Guest contributor Peter Cole interviews jazz engineer and lecturer Dave Clements, the inventor of 'Robot Glasper'.

Peter Cole writes;

 I’m a jazz pianist, vocalist, arranger and composer. I have lectured at Middlesex and Trinity College of Music.

I’ve written an interview, below, with jazz engineer and lecturer Dave Clements.

It’s about a soloing ‘jazzbot’ he has created that can improvise its own solos. I think people would be amused and interested to know about it. 

Meet ‘Robot Glasper’: A ‘Jazzbot’ Who Invents His Own Solos

Sample Link: https://youtu.be/al8lYziiYLs

By Peter Cole


“Why would I ever want to jam with a machine?’, I once heard Wynton Marsalis remark, when asked if future jazz musicians might ever want to play with computers rather than humans.
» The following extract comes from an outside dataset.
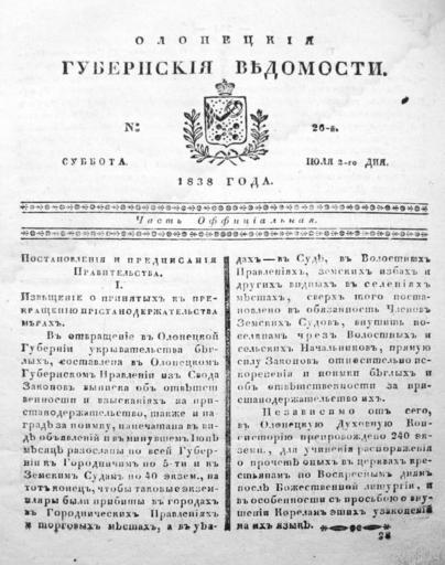 | Keywords: «Олонецкие губернские ведомости» №26 за 1838 г.jpg ru Пе вая ст аница номе а 26 газеты Олонецкие губе нские ведомости за 1838 г 1838 номе 26 газеты Олонецкие губе нские ведомости за 1838 г губе нское п авление в го оде Пет озаводске PD-old-100 Original upload log ru wikipedia ftcg page ru wikipedia C2 AB D0 9E D0 BB D0 BE D0 BD D0 B5 D1 86 D0 BA D0 B8 D0 B5_ D0 B3 D1 83 D0 B1 D0 B5 D1 80 D0 BD D1 81 D0 BA D0 B8 D0 B5_ D0 B2 D0 B5 D0 B4 D0 BE D0 BC D0 BE D1 81 D1 82 D0 B8 C2 BB_ E2 84 9626_ D0 B7 D0 B0_1838_ D0 B3 jpg wikitable - 12 49 13 July 2007 1 024 × 1 299 203 271 bytes Алексей Голубев w ru <nowiki>Пе вая ст аница номе а 26 газеты Олонецкие губе нские ведомости за 1838 г </nowiki> Olonetskie gubernskie vedomosti 1838 |

But he hadn’t met ‘Robot Glasper’. 

The humorously-named ‘jazzbot’, named after the contemporary jazz pianist, is an algorithm-based software who improvises his own solos spontaneously.

How does it work? Depending on what sort of a solo you’re in the mood for, you can turn his dials to incorporate as much or as little of the techniques you like: triplets, chromaticism, enclosures, blues. According to preference, you will be able to programme him to burn up the keyboard like Oscar Peterson or hang back like, well, like Robert Glasper.

Dave Clements, its designer, is a lecturer at Middlesex University, sound engineer, and programmer who is fascinated by jazz. I sat down with Dave to find out what his creation can do and if it’s here to put jazz musicians out of the few jobs we have left.  

 

How did you come up with the idea for a soloing jazzbot? How much work did it take?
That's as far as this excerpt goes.